Blobs Just Wanna Have Fun

Obsessing is so last P90X Phase . . .  

I’m trying a new lease on life this morning.  I’m thinking, why all the agony and torture and obsessive attention to blobby little details that have been hindering REAL LIFE?  After meditating on the yin and yang of blobbiness yesterday I went all out and had a Coke.  And about half-a-can in I realized I didn’t feel the least bit guilty. I felt GREAT!  

And for that half hour I remembered feeling great and not worrying about being a blob, and about how every little thing I look at makes me blobbier, and how hard I have to work and far I have to go to not be a blob anymore.  As if, with the soft crush of a pop-top opening a switch went off, lights dimmed, the disco ball lowered, the bass pumped higher and the party started.  

Disco Ball
Credit: http://www.everystockphoto.com/ photo.php?imageId=1036304

 

I still believe my recent bad moods have been caused by bad foods, because, well, that’s just science.  But now I’m thinking that there is guilt and shame inherent to dieting and committing to body change because you have to renounce the way you already are before you can commit to becoming something new.  Am I giving up P90X – not at all.  Would I still like to see change — you bet yer blob, I would.  But I’m coming at it from a new direction – THE TOP!  

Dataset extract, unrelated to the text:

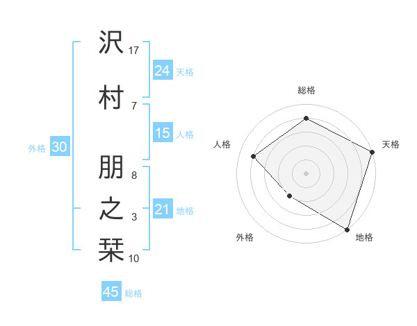 沢村 朋之栞さんを姓名の画数から五運を鑑定
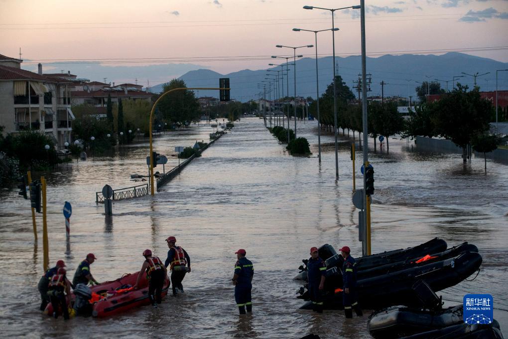 9月10日,在希臘中部色薩利地區,救援人員使用橡皮艇參與救援。

Today my inspiration is my girl, Pink (‘scuze me, P!nk), a veritable font of life advice, who says:  

If God is a DJ
Life is a dance floor
Love is the rhythm
You are the music
If God is a DJ
Life is a dance floor
You get what you’re given
It’s all how you use it  

I’ve decided.  I’ll THINK thin, toned, and awesome.  I’ll get my mind there, and by blob is sure to follow.  I mean, I know I can’t ONLY think thin, there will still be work involved (and not a little).  But all that yin-yang talk yesterday helped me realize that I can’t ONLY work to thinness without thinking thin, too.  Mind-body, blob-bod.  

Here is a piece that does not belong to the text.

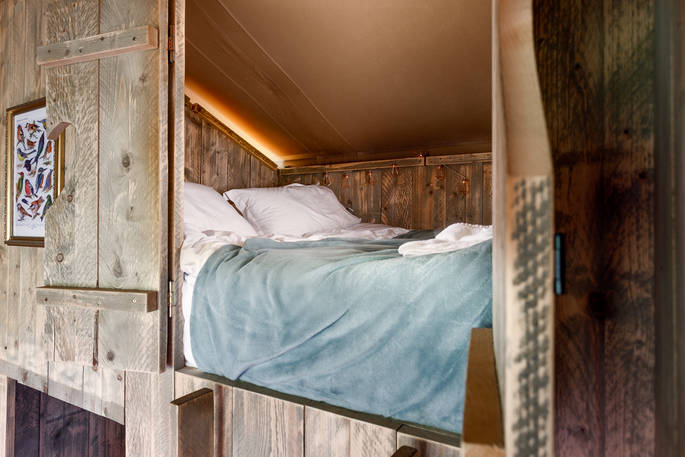 Meals made from Cornwall’s legendary local produce can be whipped up on the gas range, and eaten at the huge wooden dining table indoors or outside, before you gather in the warmth of the wood-burner for board games and cards. Or head to the on-site honesty shop for treats. Kemper’s off grid, with solar lighting and gas power for the water.

Right now I have what I have, which is, admittedly, a bit of a blob.  But my job is not to hate the blob, scrutinize the blob, constantly measure and berate the blob.  I’ve got what I’m given, it’s all how I use it.  I’ve forgotten that while, yes, I what I have is blob, I have MORE, in fact that mere blob.  I have the mindset.  I’ve neglected the mindset, I’ve lost my attitude of gratitude, and today’s the day I take it back  

Today I’m relaxing, not thinking about muffin tops, or about heybabies vs. Michelle Obamas, or about being a blob at all.   

Go Bananas
Credit: http://www.publicdomainpictures.net/ view-image.php?image=5387&picture =go-banana

 

Today I’m gonna go bananas, get out of my head, and back into my life.